# Nice bass near Perdido Bay!



## JasonL (May 17, 2011)

Check out this bass I caught up near Perdido Bay. Didn't hit really hit my black trick worm hard and felt like a log until it got close enough to see me, then it got fun. This was caught on my last cast as I was walking back to ther care to leave. Talk about lucky.


----------



## Sequoiha (Sep 28, 2007)

Sweet, nice bass, scully caught a 10 lbr on period yesterday


----------



## submariner (Oct 2, 2007)

nice bass bet you got the urge to have one more cast


----------



## Bassfisher17 (Aug 9, 2010)

Hey man. This is Joe Marietta. Nice bass! Were you in the same bayou as before?


----------



## CatHunter (Dec 31, 2008)

nice perdido black bass


----------



## JasonL (May 17, 2011)

Bassfisher17 said:


> Hey man. This is Joe Marietta. Nice bass! Were you in the same bayou as before?


What's up...Nope this was on a smaller body of water just a little further up the road. We were on foot because a boat isn't really worth it in such a small body of water.

We took your advice on the white spinners and killed it yesterday close to dawn.


----------



## Bassfisher17 (Aug 9, 2010)

Awesome man. I am looking to get back over there Saturday if I can. I haven't been out there in a couple of weeks. If you get back out there, try some dark colored spinnerbaits too. They have worked well for me.


----------



## JasonL (May 17, 2011)

I'll have to pickup some darker spinnerbaits. I think I only have white and a green/yellow color. I have been made a believer in spinnerbait after Monday evening.

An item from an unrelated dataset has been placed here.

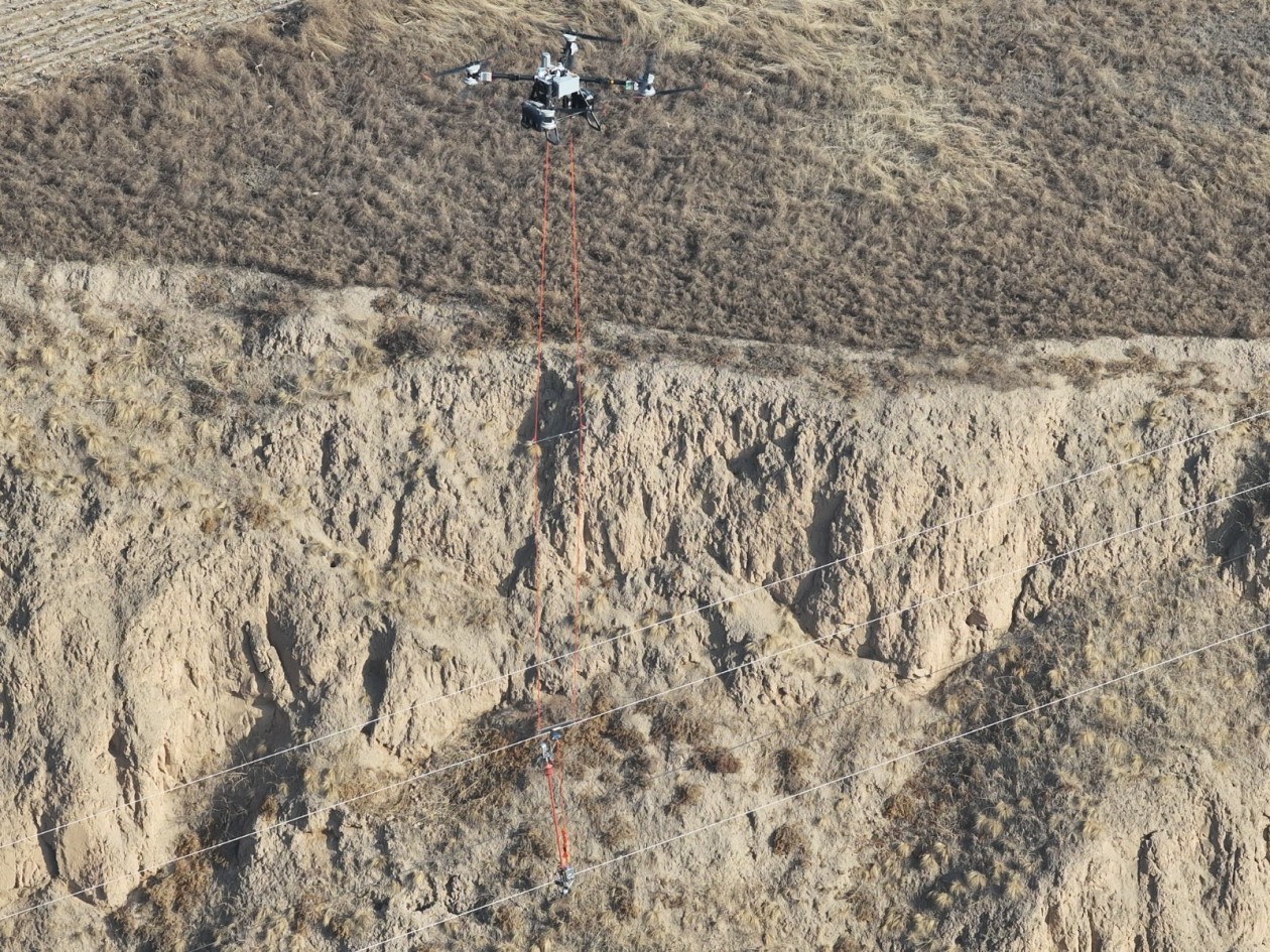 随着一阵沉稳的嗡鸣声,一架大载重无人机缓缓升空,无人机吊舱下悬挂的间隔棒在地面操作员的精准遥控下,如同一位训练有素的“空中外科医生”,自主飞抵导线间的预定手术点位。“悬停稳定,开始对接!”指令下达。通过高清图传回的画面,操作员控制无人机机械臂进行毫米级的微调,顺利完成卡具的抓取、定位与紧固。整个安装过程一气呵成,下方山谷间的村庄用电如常,对这场在头顶上进行的高空作业毫无察觉。
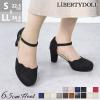 パンプス ストラップ 黒 痛くない セパレート スカラップ ラウンドトゥ アンクル 6.5cmヒール No.5480 リバティードール

How fast do you normally reel? We were really reeling in almost as fast as we could and they were hitting the bait about 20-30yds away from us. I'm wondering if that was my probalem in the past...I never reeled in more than about medium speed.


----------



## Bassfisher17 (Aug 9, 2010)

Yeah. The faster retrieve has always worked better. Normally if you get a fish it will hit not long after your bait hits the water. When you are fishing those bayous target any overhanging trees as your primary spot, and any little inlets off of the bayou have almost always held a fish or two.


----------



## tabasco40 (May 25, 2008)

do you ever do any good with white spinnerbaits on blackwater or yellow? ive never really tried them as a go-to lure, but from what i hear i may just have to...


----------



## jstblsd (Jul 6, 2010)

Nice bass!


----------



## JasonL (May 17, 2011)

I've only fished on Blackwater twice and didn't have any luck both days. I tried lures, spinners and soft plastics with no luck. I've haven't fished Yelllow yet.


----------



## Bassfisher17 (Aug 9, 2010)

I have not tried blackwater or yellow yet, but I just moved to Navarre area and I am really close to yellow river. When I try it out I will defintitely put a post on here.


----------